You could construct a scBOND model as following:

bond.construct_model(chrom_list)

scBOND need a list of peaks count for each chromosome, remember to sort peaks with chromosomes.

Parameters	Description
chrom_list	a list of peaks count for each chromosome, remember to sort peaks with chromosomes.
logging_path	optional, the path for output model structure logging, if not save, set it None, default None.
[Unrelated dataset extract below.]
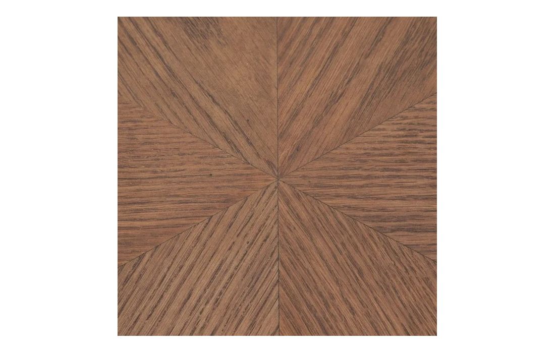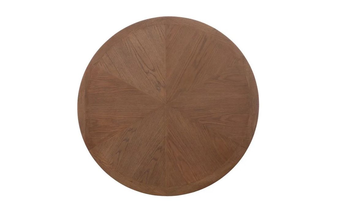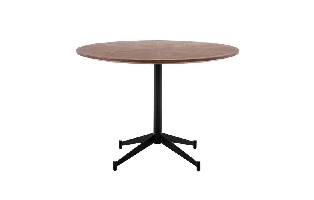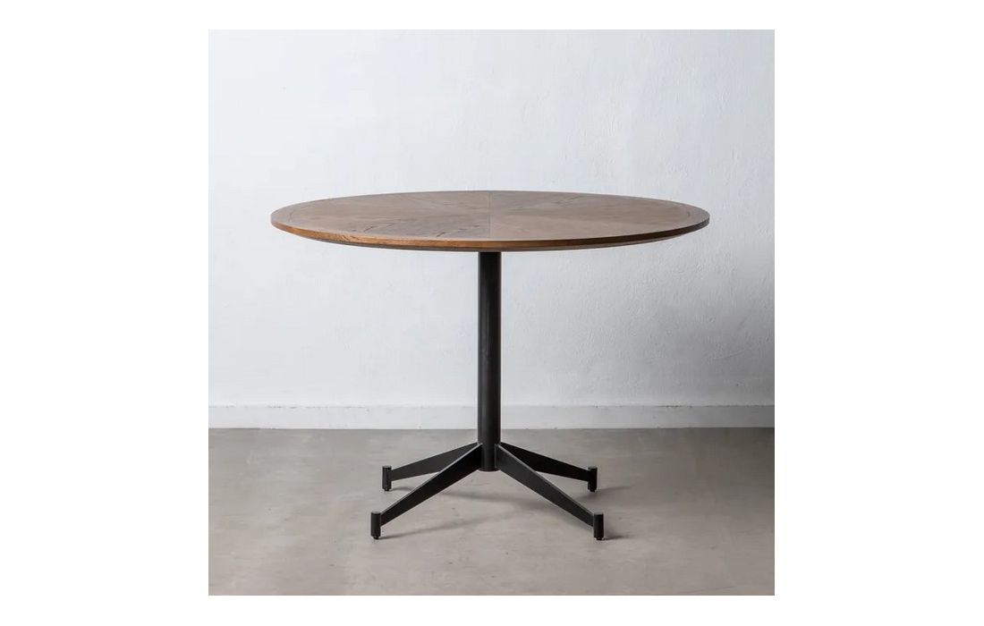 Mesa redonda em madeira maciça de carvalho na cor natural com pés em ferro

scBOND model could be easily trained as following:

bond.train_model()

Parameters	Description
output_path	optional, path for model check point, if None, using './model' as path, default None.
load_model	optional, the path for load pretrained model, if not load, set it None, default None.
logging_path	optional, the path for output training logging, if not save, set it None, default None.

scBOND also support to refine the model structure and training process using other parameters for bond.construct_model() and bond.train_model() .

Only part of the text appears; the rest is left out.